DUBLIN, Ireland–An enormous deficit has been discovered in the pension fund that covers thousands of credit union employees in this country.
According to The Irish Independent, the €78 million deficit is so large it has the potential to financially destabilize the sector.
“The shortfall has ballooned from just €6 million in 2017. It hit €20 million in 2020, but it has jumped to €78 million for this year, due to the impact of low interest rates on the scheme,” the Independent reported.
The retirement program is overseen by the Irish League of Credit Unions and covers staff in that organization along with employees in affiliated credit unions.
“The shortfall will have to be made up by individual credit unions that are members of the league,” the Independent reported, citing a memo from pension advisers to the league marked “confidential” that the publication said it had reviewed. “There are now fears the debacle will lead to mass resignations of individual credit unions from the league…”
Executives ‘Annoyed’
According to the Irish Independent, credit union executives are annoyed they were given no forewarning about the rapidly deteriorating state of the scheme after being summoned to online meetings, with some expressing surprise at the “extent of the financial mess it is in.”
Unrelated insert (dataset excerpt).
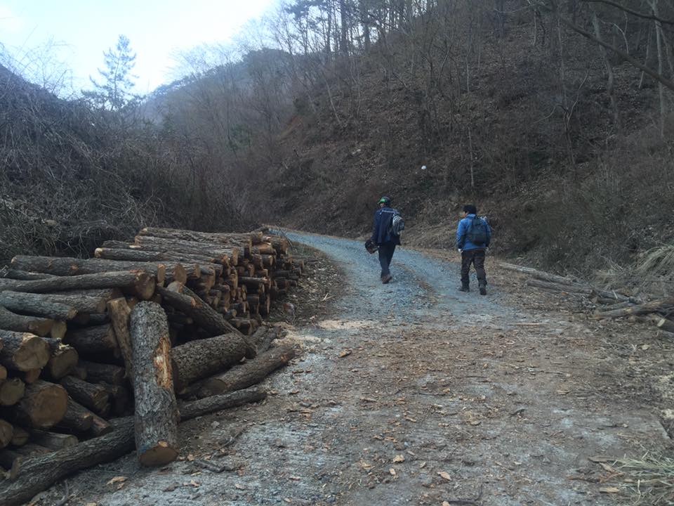 산은 가파르고 비탈은 험한데 베어 놓은 나무는 아직도 사방에 널려있다.

“Although the funding shortfall will be made up over a number of years, the overall cost of the rescue will have to be booked this year,” the Independent reported. “This was likely to push a number of credit unions into a loss-making situation, senior sources in the movement said. This, in turn, could mean their reserves become depleted, something that will raise huge concerns for the Central Bank, which regulates the sector.”
Several Thousand Employees Affected
The Independent reported there are approximately 1,000 credit union employees who have been paying into the retirement scheme, with another 1,000 scheme members made up of retired staff and those who have yet to retire but have moved jobs. The scheme is a defined-benefit one, which means employees are promised a set pension based on their years of service and final salary, the report added.
“These schemes are being phased out as they are horrendously expensive to fund,” noted the Independent. “The huge deficit in the Irish League of Credit Unions Republic of Ireland Pension Scheme has prompted panicked league board members to call in experts from PwC to outline options for dealing with the black hole in the scheme, and how to fund it. It is so heavily in the red that PwC has recommended that from next month it should be closed off to new members, and no new pension benefits should accrue to existing staff, who will be switched to a different scheme.”
Employees’ Plan Being Transferred
The Independent said credit union employees have been told they will be transferred to a defined-contribution scheme. The league stressed the rescue plan would protect the benefits the staff had built up in the past.
Around 100 credit unions and the league staff are part of the scheme after a number of credit unions pulled out in the last few years due to the expense of funding it, the Independent said. The contribution level has been 33.2% of each staff members’ wages.